Сам Джек, охотясь с азартом и завоевывая власть над ребятами, забывает о главной их цели — спасении с острова. У него уже нет сил повернуться и оглядеться вокруг себя: охота на кабанов поглощает его всецело, забота о своей власти и престиже превращается в самоцель. Ребята же все точно захмелели от этого зелья, в котором смешаны жестокость и подчинение; все можно, что разрешает новый вождь, а нужно лишь то, чего он требует. Тот, кто напоминает о прежней цели, неприятен им, становится их врагом, и они, дичая, истребляя друг друга, несутся к верной гибели.

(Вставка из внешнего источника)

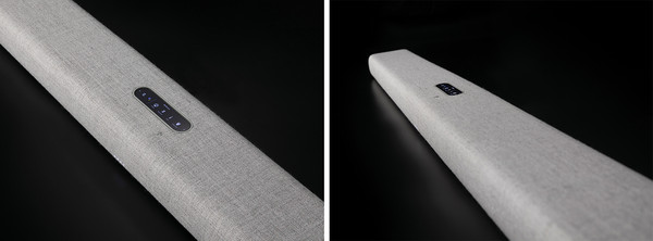 우선 홈 시네마 세트의 소개이다. 우선 이 세트의 핵심인 Bar에 대한 이야기이다. 역시 사운드 바가 패브릭 디자인을 전면에 내세운 경우가 흔치 않은데, 확실히 블랙과 실버 일변도의 디자인보다 훨씬 더 시각적인 만족도가 높다. 특히 슬림한 스타일이라서 공간을 많이 차지 않는 것도 장점. 사실 기능적인 콘셉트는 홈 스피커와 거의 일치한데, 구글 어시스턴트를 탑재하여 음성 제어를 할 수 있고, 멀티룸 사운드를 구성 할 수 있다는 것이 핵심이다. 또한 구글홈과 연동된 스트리밍 서비스를 즐길 수 있고, 블루투스 역시 활용할 수 있다. 홈 스피커의 상위 모델과 마찬가지로 상단에는 컬러 터치 패널 부가 장착되어 있다. 역시 홈 스피커보다 더 많은 기능들을 이곳에서 컨트롤할 수 있는데, 에어플레이, 블루투스, Aux, HDMI ARC의 미디어 소스 선택, 야간 모드의 오디오 설정, 밝기 조절 및 범용 IR 학습, 페어링(서라운드 설정/서브우퍼 페어링)·레벨(스피커 볼륨 트림/저음 레벨 트림/테스트 톤)·립싱크 딜레이·벽 설치 등을 선택·조절할 수 있다. 그러고 보면 사운드바에 액정이 달린 제품 역시 흔치 않은 것 같기도 하다.

Читатель Голдинга с волнением следит, как жалкая горстка миссионеров добра во главе с Ральфом движется по берегу к неприятельскому лагерю, чтобы попытаться в последний раз уговорить обезумевших ребят. Беспомощный Хрюшка, несущий в руках морской рог — символ былой ребячьей республики, — со святой наивностью и детской верой в добро надеется переубедить Джека: «Я пойду к нему с рогом. Я покажу его. Слушай, скажу я, ты сильнее меня и у тебя нет астмы. Ты, скажу я, видишь обоими глазами. Но я не стану просить, чтобы ты отдал мне очки из милости. Упрашивать тебя я не стану, скажу я, и не потому, что ты сильный, а потому, что справедливость есть справедливость. Отдавай мои очки, скажу я, ты должен отдать!»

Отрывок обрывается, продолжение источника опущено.